# DATA FOR THE TASK
____________

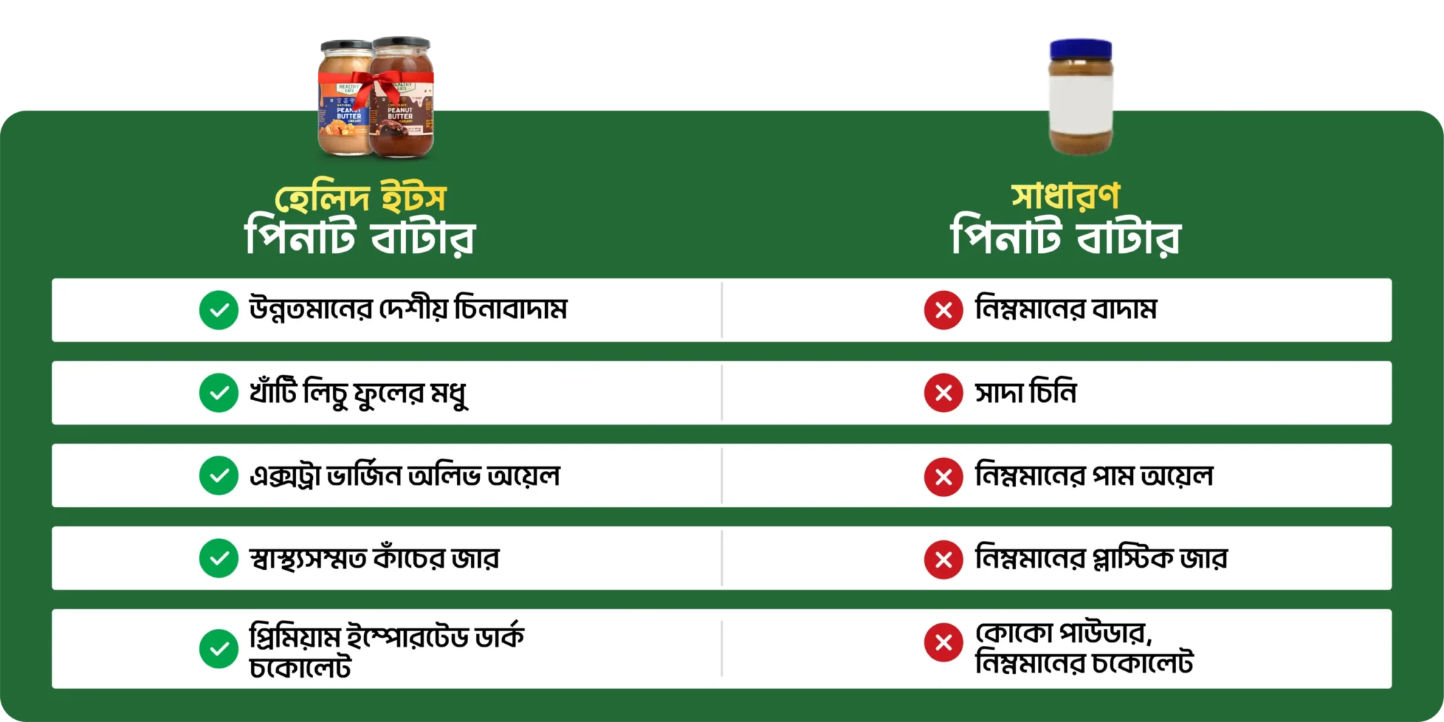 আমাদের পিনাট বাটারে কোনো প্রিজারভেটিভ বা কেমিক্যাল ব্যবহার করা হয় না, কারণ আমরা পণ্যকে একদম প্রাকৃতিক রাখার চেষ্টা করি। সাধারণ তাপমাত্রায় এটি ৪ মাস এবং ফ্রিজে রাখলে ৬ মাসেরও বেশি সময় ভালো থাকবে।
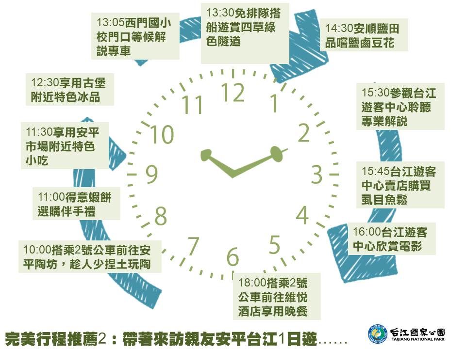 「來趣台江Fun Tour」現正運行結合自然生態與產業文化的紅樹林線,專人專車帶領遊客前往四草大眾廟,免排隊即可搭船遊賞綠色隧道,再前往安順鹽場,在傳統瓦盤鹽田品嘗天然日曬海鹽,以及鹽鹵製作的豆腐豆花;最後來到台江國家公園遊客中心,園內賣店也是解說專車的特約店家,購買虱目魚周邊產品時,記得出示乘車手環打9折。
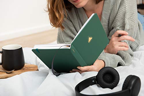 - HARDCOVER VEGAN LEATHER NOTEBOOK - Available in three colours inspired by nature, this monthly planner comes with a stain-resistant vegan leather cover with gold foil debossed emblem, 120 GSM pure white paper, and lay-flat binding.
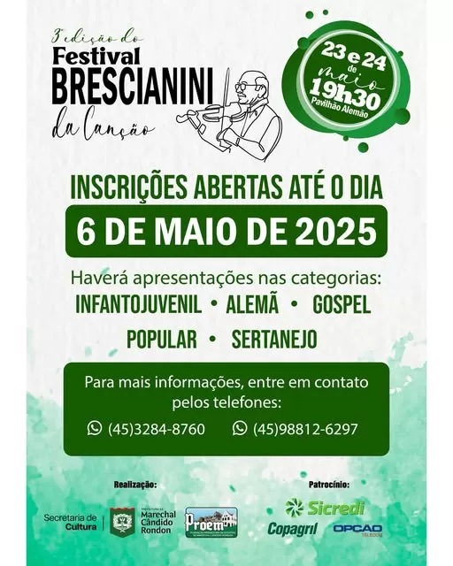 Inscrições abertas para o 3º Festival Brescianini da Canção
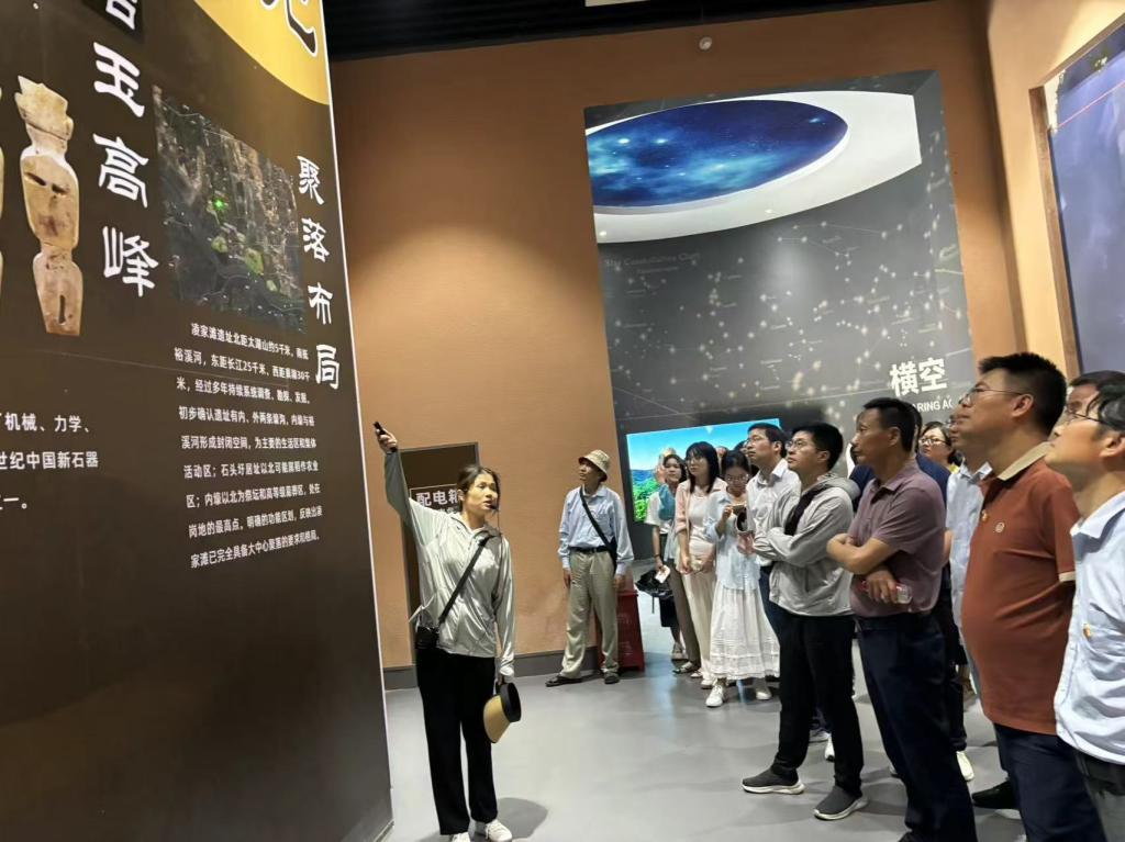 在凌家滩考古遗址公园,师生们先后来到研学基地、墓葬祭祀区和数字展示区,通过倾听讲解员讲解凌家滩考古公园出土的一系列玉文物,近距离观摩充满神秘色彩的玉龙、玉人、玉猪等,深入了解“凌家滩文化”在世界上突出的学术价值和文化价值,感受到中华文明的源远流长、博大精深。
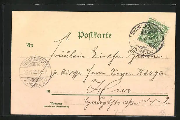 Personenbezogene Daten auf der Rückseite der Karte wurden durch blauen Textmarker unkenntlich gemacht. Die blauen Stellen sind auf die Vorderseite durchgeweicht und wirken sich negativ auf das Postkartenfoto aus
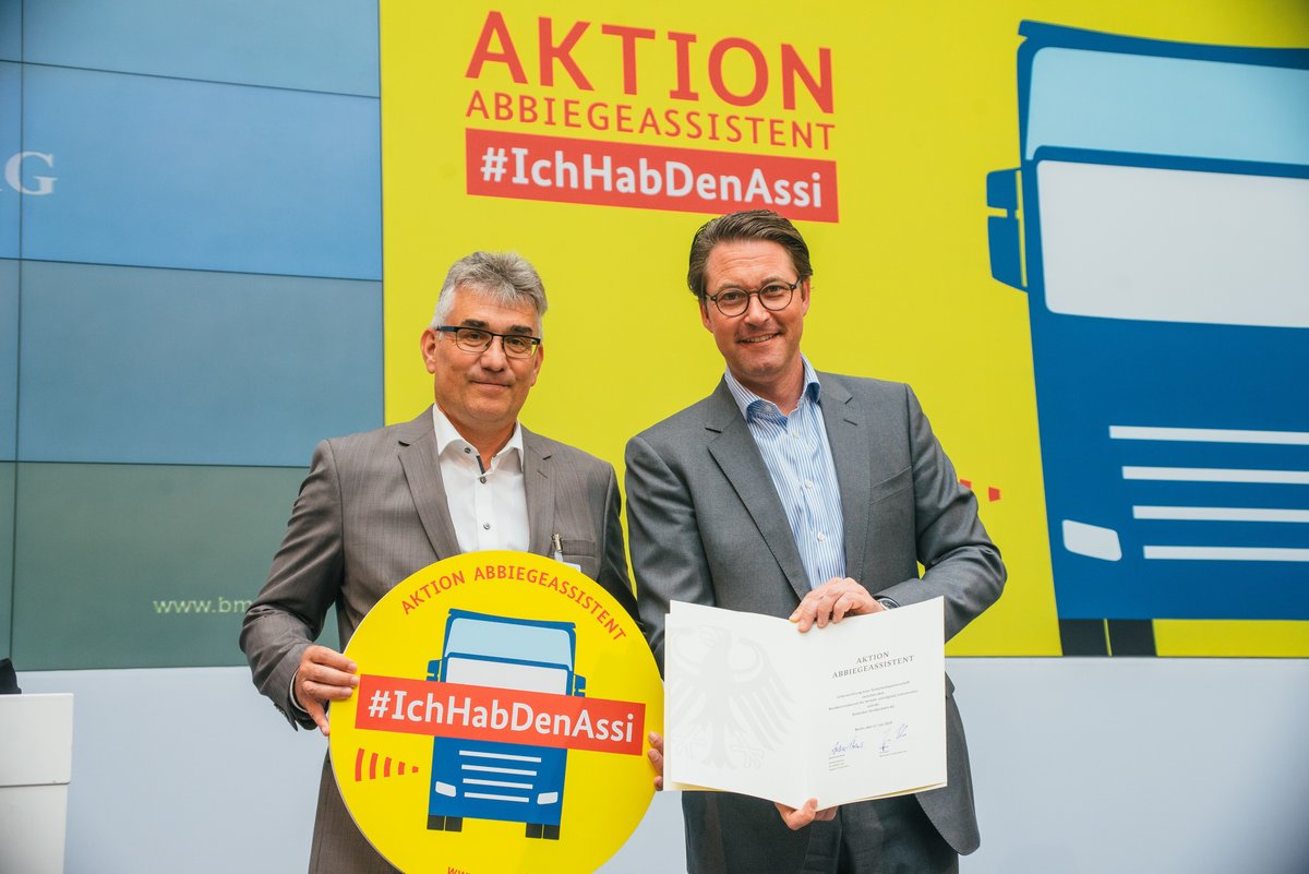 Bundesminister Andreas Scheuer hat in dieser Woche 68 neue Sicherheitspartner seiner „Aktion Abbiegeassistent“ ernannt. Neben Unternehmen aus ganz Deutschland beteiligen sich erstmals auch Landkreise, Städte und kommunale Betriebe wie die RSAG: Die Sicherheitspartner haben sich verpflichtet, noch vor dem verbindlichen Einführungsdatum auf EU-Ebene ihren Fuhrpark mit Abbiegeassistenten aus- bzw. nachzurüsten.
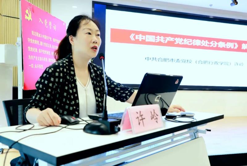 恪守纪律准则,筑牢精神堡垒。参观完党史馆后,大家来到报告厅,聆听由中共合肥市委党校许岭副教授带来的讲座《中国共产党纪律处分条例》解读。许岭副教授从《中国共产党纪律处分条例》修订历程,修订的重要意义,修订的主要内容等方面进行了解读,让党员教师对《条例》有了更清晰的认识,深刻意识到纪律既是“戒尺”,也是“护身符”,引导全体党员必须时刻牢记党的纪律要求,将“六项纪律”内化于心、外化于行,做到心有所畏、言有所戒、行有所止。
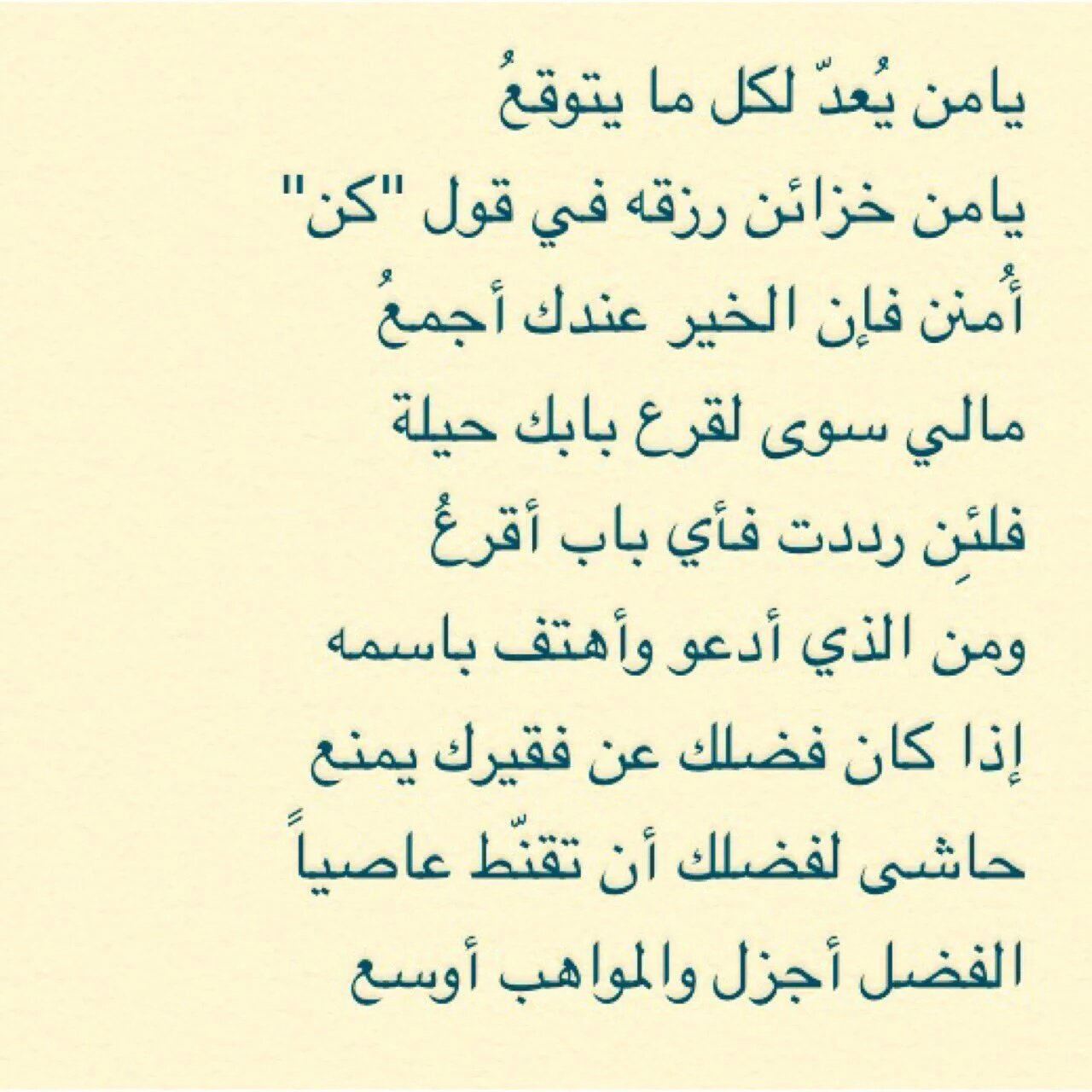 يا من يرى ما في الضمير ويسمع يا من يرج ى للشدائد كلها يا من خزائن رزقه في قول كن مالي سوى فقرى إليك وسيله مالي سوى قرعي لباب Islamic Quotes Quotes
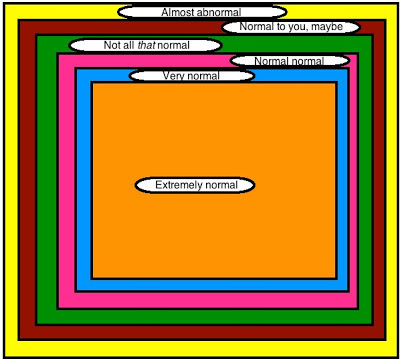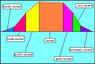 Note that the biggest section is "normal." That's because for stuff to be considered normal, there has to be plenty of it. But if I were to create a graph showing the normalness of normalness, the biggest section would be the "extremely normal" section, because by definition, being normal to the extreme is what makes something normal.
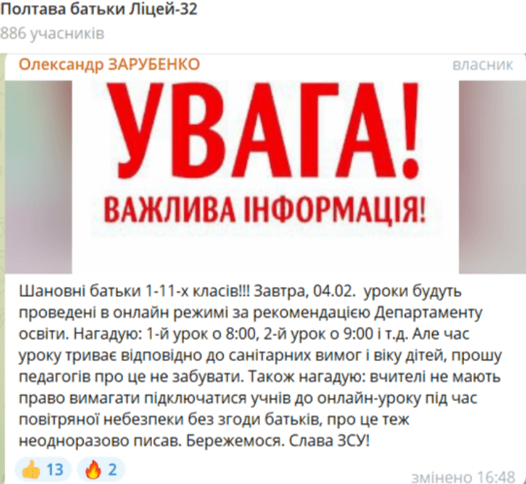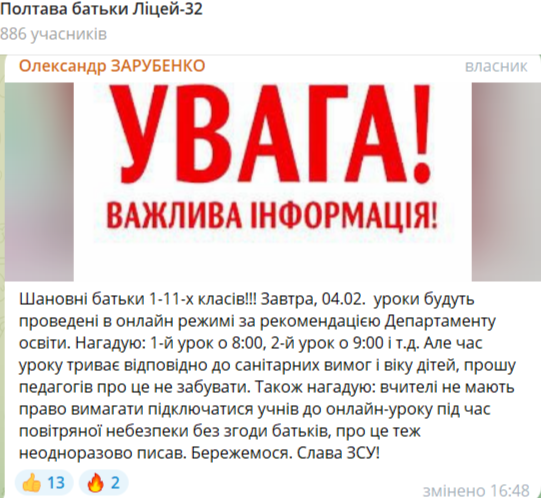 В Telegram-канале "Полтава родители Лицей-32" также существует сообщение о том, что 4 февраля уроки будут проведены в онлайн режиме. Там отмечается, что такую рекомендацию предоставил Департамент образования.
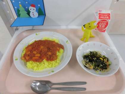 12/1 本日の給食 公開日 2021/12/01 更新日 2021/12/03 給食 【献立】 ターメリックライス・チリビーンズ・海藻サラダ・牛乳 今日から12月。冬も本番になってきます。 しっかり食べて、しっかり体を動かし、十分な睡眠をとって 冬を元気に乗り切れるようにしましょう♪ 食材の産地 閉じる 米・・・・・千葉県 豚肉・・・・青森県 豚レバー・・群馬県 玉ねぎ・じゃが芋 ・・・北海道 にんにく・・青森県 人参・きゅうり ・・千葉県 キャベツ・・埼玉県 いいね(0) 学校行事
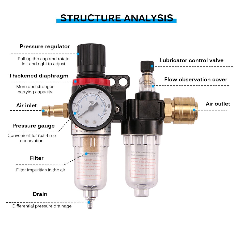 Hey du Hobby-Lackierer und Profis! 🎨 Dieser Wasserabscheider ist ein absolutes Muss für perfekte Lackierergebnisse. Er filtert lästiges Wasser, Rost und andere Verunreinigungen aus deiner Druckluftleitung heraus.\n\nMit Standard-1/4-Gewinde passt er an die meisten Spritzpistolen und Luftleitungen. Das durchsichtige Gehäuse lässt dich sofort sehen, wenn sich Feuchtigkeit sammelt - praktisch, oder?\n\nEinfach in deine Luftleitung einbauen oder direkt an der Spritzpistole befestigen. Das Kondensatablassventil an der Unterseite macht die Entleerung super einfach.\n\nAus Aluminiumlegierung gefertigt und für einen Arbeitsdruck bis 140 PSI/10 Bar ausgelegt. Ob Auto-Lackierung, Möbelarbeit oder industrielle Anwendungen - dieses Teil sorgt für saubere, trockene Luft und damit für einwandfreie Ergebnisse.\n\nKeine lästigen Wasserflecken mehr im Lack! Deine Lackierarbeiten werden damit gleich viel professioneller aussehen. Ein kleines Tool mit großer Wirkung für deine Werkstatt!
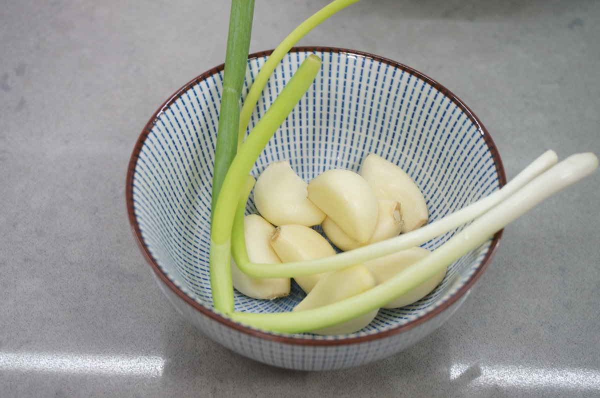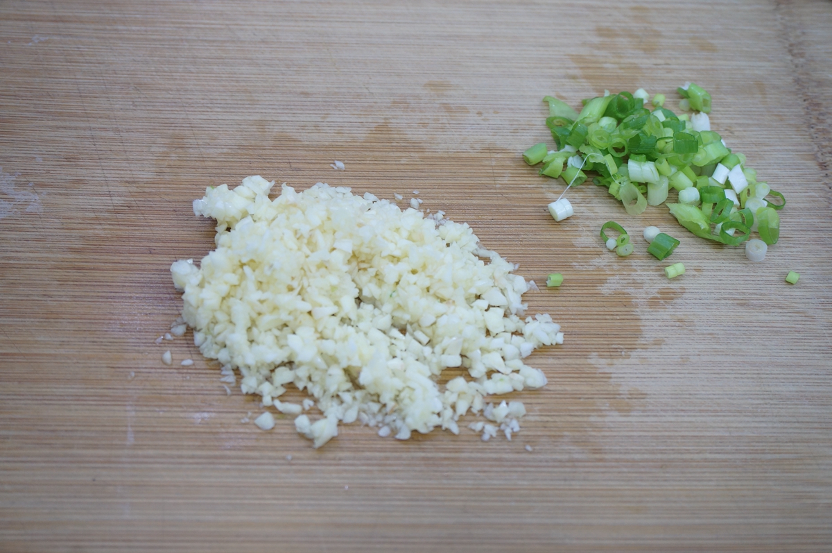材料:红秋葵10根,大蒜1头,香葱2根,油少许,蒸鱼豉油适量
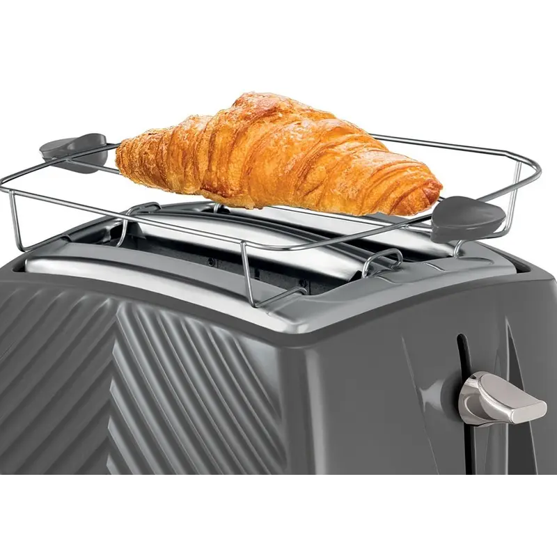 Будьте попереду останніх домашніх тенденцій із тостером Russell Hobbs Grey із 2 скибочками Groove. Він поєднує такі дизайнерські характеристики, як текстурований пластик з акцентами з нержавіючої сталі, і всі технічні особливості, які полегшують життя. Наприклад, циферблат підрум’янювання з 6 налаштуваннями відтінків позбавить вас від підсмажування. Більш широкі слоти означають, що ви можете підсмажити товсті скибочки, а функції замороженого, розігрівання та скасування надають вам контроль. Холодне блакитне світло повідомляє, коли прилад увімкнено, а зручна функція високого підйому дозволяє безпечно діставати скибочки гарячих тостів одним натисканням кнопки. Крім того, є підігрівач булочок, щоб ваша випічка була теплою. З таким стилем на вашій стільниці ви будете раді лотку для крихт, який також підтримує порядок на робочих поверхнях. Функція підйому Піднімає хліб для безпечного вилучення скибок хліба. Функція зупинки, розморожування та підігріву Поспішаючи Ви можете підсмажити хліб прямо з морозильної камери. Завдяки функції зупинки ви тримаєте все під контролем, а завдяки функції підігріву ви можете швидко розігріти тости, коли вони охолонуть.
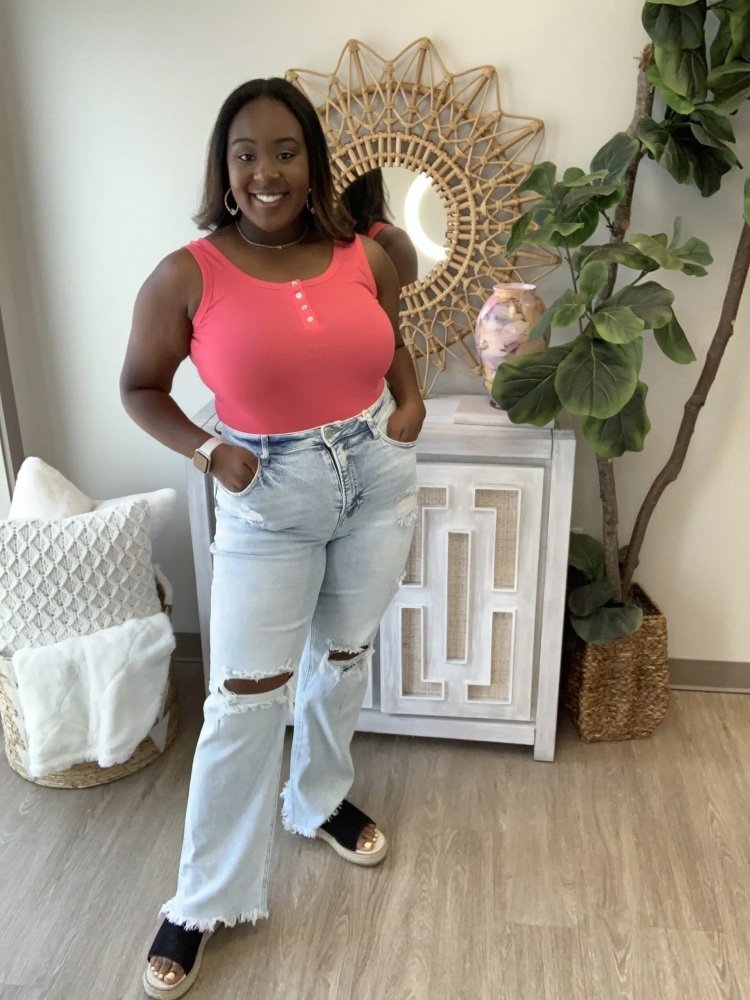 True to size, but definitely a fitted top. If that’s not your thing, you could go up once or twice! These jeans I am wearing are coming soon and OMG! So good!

____________

# WORK TASK
Starting at the line above that contains "يا من يرى ما", transcribe every line exactly through the line that contains "предоставил Департамент образования.", including that last one, and skip the pictures.

# COMPLETED EXERCISE
 يا من يرى ما في الضمير ويسمع يا من يرج ى للشدائد كلها يا من خزائن رزقه في قول كن مالي سوى فقرى إليك وسيله مالي سوى قرعي لباب Islamic Quotes Quotes
 Note that the biggest section is "normal." That's because for stuff to be considered normal, there has to be plenty of it. But if I were to create a graph showing the normalness of normalness, the biggest section would be the "extremely normal" section, because by definition, being normal to the extreme is what makes something normal.
 В Telegram-канале "Полтава родители Лицей-32" также существует сообщение о том, что 4 февраля уроки будут проведены в онлайн режиме. Там отмечается, что такую рекомендацию предоставил Департамент образования.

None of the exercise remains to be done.